The first Valentine's Day I distinctly remember was when I was 15 and was dating my first real boyfriend. I'd assumed we weren't going to do anything for Valentine's Day, because that just wasn't really us. (We were those obnoxious "above it all" types in high school.) Then the week before Valentine's Day, he sent me one of those Facebook gifts of a heart-shaped box of chocolates (so not real chocolates, a picture of chocolates), with a note that said "Fake chocolates to precede real ones." So my thought was, "Shit, I have to do something for Valentine's Day?" The morning of Valentine's Day, on the way to school, I stopped by the grocery store and picked up some heart-shaped cookies and chocolates. When I gave him the goodies, he was like "oh thanks. Happy Valentine's Day?" And I was like, "uhhhhh, what. I wasn't going to do anything if you hadn't made it seem like you were going to do anything!" To make it worse, I had history in the same classroom as he did but the period after, and when I got to history, I saw the cookies I'd gotten him on the floor next to his desk. He had forgotten the stupid cookies that I didn't even want to get him! So then I took them back and ate them all, because fuck Valentine's Day and fuck boys.
After that relationship ended poorly (surprise!), I was pretty much single for about 5 years. I was the bitter, single, hates Valentine's Day type. My Valentine's Day activities ranged from getting super drunk at parties at the LGBT house (I'm straight, but many of my friends aren't), watching chick flicks with other single girls, or completely ignoring the holiday and doing homework. So when I was in my first serious relationship in college, I told the guy "Sorry, I just don't do Valentine's Day." He was really disappointed, because he wanted to do all of the big mushy romantic stuff, but I was like, nope, I'll be watching Clueless with my friend and drinking wine on February 14th.
That night, when I got to his place to spend the night after watching Clueless and drinking wine, he was acting kind of strange. I was going to go to bed and he was like, "no, you can't go to bed, we have to hang out!" And I was like, um, okay.

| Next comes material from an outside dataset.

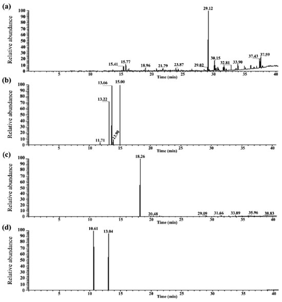 ![]() Figure 5. Total ion chromatogram. a) Raw sanitary landfill leachate, b) first stage of Fenton process, c) second stage of Fenton process and d) third stage of Fenton process

So we hung out for a bit and around 11:50, I said, "okay, seriously I'm going to sleep." And again, he said, "no, you can't go to sleep yet!" I had no idea what was going on, but at exactly midnight he pulled out a flower and a card that said "Happy random day in February! I love you every day!"
So that melted my cold bitter heart a little bit. And although that relationship also ended pretty poorly (despite the romantic gestures, turns out he was kind of a jerk), it did warm me up to Valentine's Day.
Last year, the Constable and I had been dating about 4 months when Valentine's Day rolled around. We went out to dinner, and he got me flowers, and I got him personalized cupcakes. In retrospect, I think I ended up eating most of the cupcakes, but it's the thought that counts, right? One of his good friends actually broke up with the girl he'd been seeing on Valentine's Day, and called the Constable begging him to come over after dinner, so that threw a bit of a wrench in things, but over all it was a very romantic night that my cynical self would have totally hated.
This year's plans are much more low-key. We had breakfast at a cafe near my house before I dropped him off at school, and when he gets home he's making me fettucine alfredo with steak and I'm making him strawberry cheesecake, and we're going to watch Netflix. (Side note: he's voting House of Cards, and while I did watch all of the first season, there was a certain episode where I was like, fuck you Frank, because he did something really evil, and I haven't enjoyed it as much since. I kind of want to see The Spectacular Now. We'll figure it out.) And I get it now. I was always the person who argued, "Why can't you celebrate love every day? Why would you want to celebrate the same day as everybody else, if your relationship is so special?" But this year, the Constable is a month away from a massive exam in grad school that is damn near impossible, but he has to pass to continue in his program, so he's studying at least 8 hours a day, on top of going to classes and teaching, and he's always stressed out, and even when he takes time off from studying, he feels guilty about enjoying himself if he hasn't gotten enough done that day. And because of this commercial, Hallmark holiday, he's allowed to take the day off and enjoy himself and not think about school at all while we have a nice dinner and just relax together. Hell, he has to, it's Valentine's Day! Yes, I still think that extravagant flowers and jewelry and balloons and cards for Valentine's Day are kind of dumb (though more power to you if that's your thing), but this year, I am really thankful for Valentine's Day.